▶ [Task requirements]: In the records below, find the line that contains "从趋势上看,2010-202" and the line that contains "19:00 - 20:45". Set down exactly those lines and every line between them, and nothing more.

▶ [Provided data]:
====
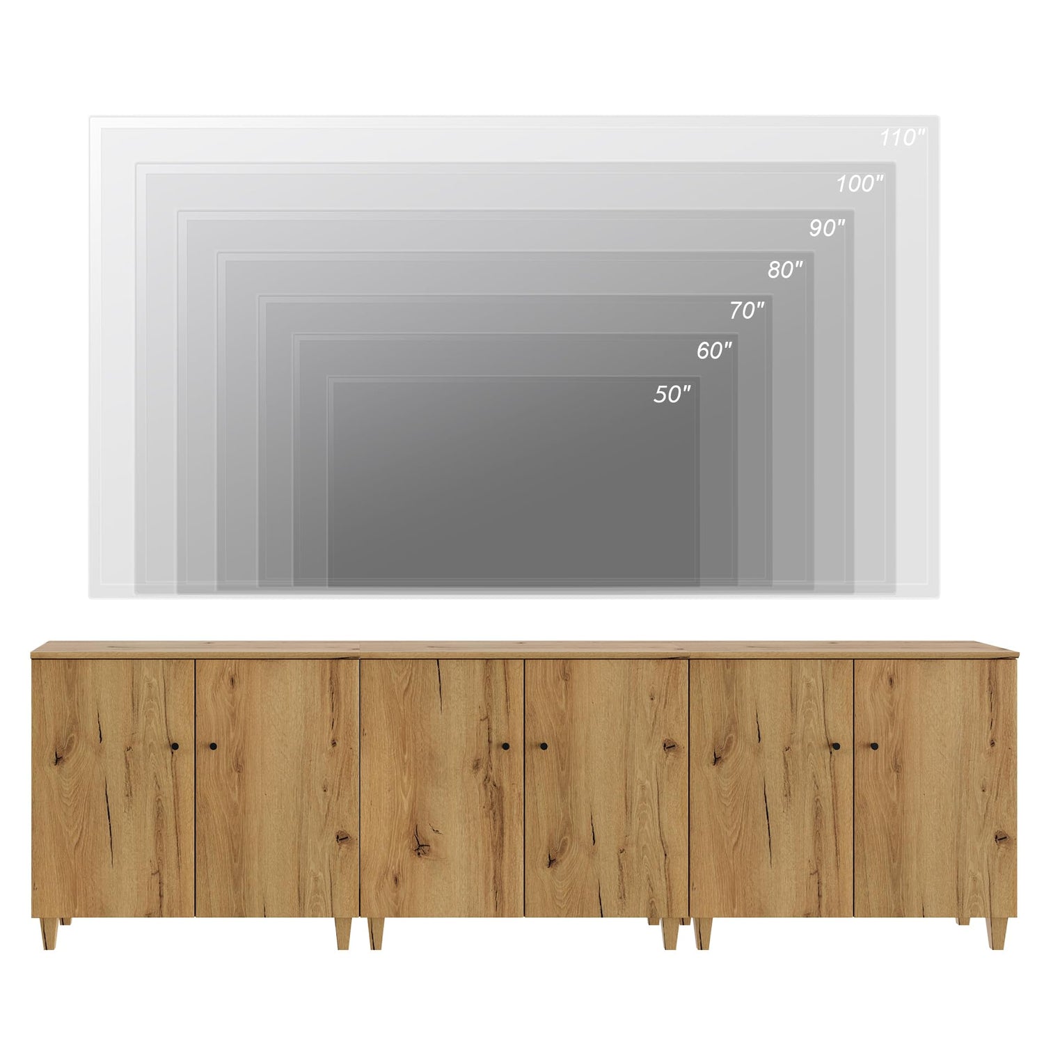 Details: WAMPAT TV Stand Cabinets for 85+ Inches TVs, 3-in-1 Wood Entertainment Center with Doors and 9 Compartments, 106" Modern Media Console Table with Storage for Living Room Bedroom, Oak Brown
====
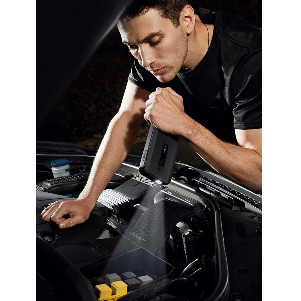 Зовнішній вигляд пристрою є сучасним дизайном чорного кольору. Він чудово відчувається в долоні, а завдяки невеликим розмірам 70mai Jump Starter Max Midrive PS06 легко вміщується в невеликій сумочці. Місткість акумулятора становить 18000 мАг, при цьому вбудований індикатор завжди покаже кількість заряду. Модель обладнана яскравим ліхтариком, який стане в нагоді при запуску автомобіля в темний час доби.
====
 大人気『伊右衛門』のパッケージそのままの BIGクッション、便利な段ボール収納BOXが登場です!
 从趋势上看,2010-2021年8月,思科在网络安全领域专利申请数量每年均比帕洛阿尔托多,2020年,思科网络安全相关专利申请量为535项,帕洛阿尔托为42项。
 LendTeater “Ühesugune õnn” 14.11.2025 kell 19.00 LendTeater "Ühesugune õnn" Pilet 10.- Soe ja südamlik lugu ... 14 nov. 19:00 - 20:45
====
▶ [Result below]:
 从趋势上看,2010-2021年8月,思科在网络安全领域专利申请数量每年均比帕洛阿尔托多,2020年,思科网络安全相关专利申请量为535项,帕洛阿尔托为42项。
 LendTeater “Ühesugune õnn” 14.11.2025 kell 19.00 LendTeater "Ühesugune õnn" Pilet 10.- Soe ja südamlik lugu ... 14 nov. 19:00 - 20:45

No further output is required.